Abstract
Purpose: To validate an expedited method for the removal of erythrocytes when preparing IVF granulosa-luteal cells for culture.
Methods: Granulosa cells were enriched for culturing from follicular aspirates by density gradient centrifugation and by hypo-osmotic lysis treatments.
Results: Cells prepared by either method showed the same cell viability and produced progesterone in similar quantities.
Conclusions: Using hypo-osmotic lysis to remove erythrocytes does not impair granulosa cell viability or steroidogenesis. It avoids multiple density gradient centrifugations and washings, and yields IVF granulosa cells ready for culture efficiently.
KEY WORDS: Cell culture, granulosa-luteal, hypotonic lysis, IVF cells
INTRODUCTION
The advent of in vitro fertilization (IVF) treatment for infertility has made human granulosa-luteal cells increasingly available for endocrine researchers. In IVF protocols, the developed follicles are punctured under transvaginal ultrasound guidance and the contents are aspirated. The cumulus–oocyte complexes are then visualized and manually collected from the aspirated fluids. After the first follicle has been punctured, localized bleeding occurs, so that subsequent follicular aspirates contain some blood. Therefore, once follicular aspirates have been pooled, the majority of cells in these preparations are erythrocytes. These red blood cells (RBC) make it impossible to count the granulosa-luteal cells on a hemocytometer. Furthermore, they have a greater density than granulosa-luteal cells and settle to the bottom of culture dishes faster. If the culture surface is completely covered with these cells, the granulosa-luteal cells will not be able to attach. Therefore, it is necessary to remove these erythrocytes to maximize plating efficiency and obtain enriched cultures for study.

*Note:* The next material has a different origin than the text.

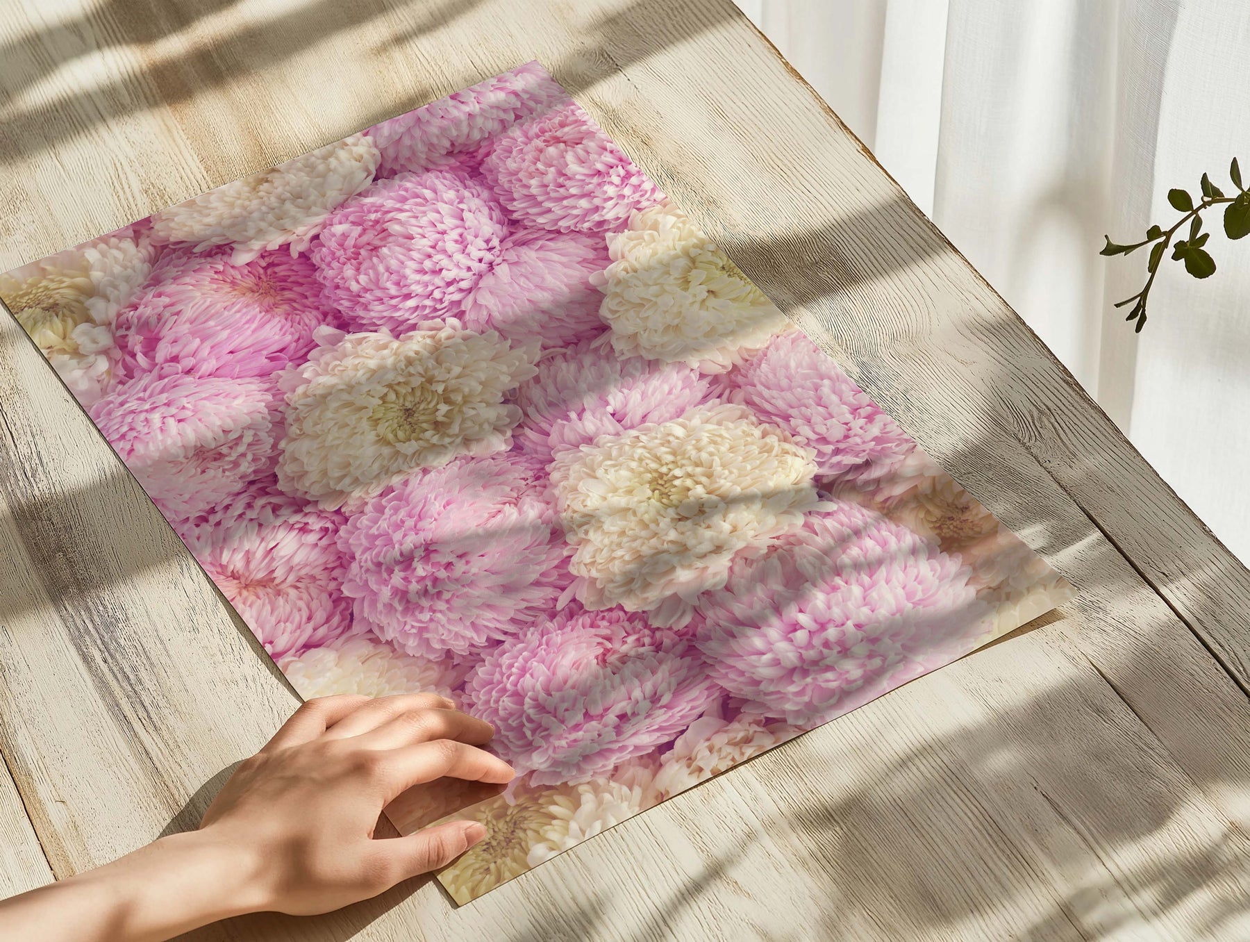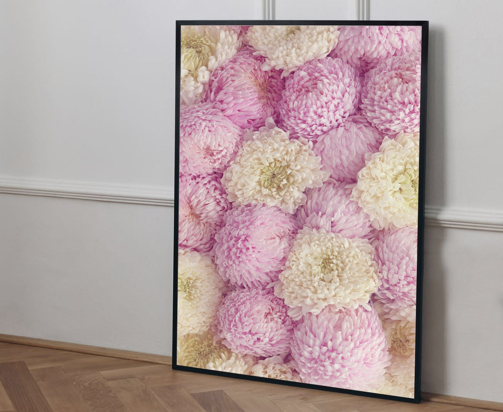 A dreamy blend of blush pink and creamy white blooms form a soft, romantic tapestry in this fine art floral photograph. Gentle light enhances the lush textures of each Chrysanthemum head, creating a serene and feminine atmosphere.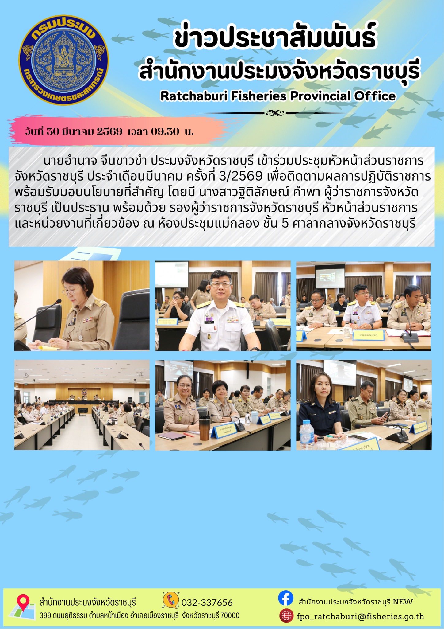 วันที่ 30 มีนาคม 2569 เวลา 09.30 น. นายอำนาจ จีนขาวขำ ประมงจังหวัดราชบุรี เข้าร่วมประชุมหัวหน้าส่วนราชการจังหวัดราชบุรี ประจำเดือนมีนาคม ครั้งที่ 3/2569 เพื่อติดตามผลการปฏิบัติราชการ พร้อมรับมอบนโยบายที่สำคัญ โดยมี นางสาวฐิติลักษณ์ คำพา ผู้ว่าราชการจังหวัดราชบุรี เป็นประธาน พร้อมด้วย รองผู้ว่าราชการจังหวัดราชบุรี หัวหน้าส่วนราชการ และหน่วยงานที่เกี่ยวข้อง ณ ห้องประชุมแม่กลอง ชั้น 5 ศาลากลางจังหวัดราชบุรี

The methods in common use today employ the greater density of RBCs to separate them from the granulosa-luteal cells. Some techniques use repeated settlings under gravity of up to 20 min or longer and manually collect the granulosa cells from the upper layer after a portion of the erythrocytes had settled (1–3). A variation of this approach, and one that is more widely used, is density gradient centrifugation with colloidal silicas such as Percoll or Ficoll. This method varies slightly from lab to lab but in general it involves an initial 300–500×g centrifugation for up to 15–20 min to concentrate the cells. The resuspended cell pellet is then gently layered over a 40–50% Percoll cushion (4–6) or similarly effective concentrations of Ficoll (7–9) or in some laboratories, a two-step 40 and 60% discontinuous Percoll gradient is used (10). This is followed by centrifugation at generally around 500×g for 20 min. The cells then need to be carefully collected by aspiration from the colloidal silica/media interface, diluted with media and washed by a further centrifugation to remove the Percoll or Ficoll.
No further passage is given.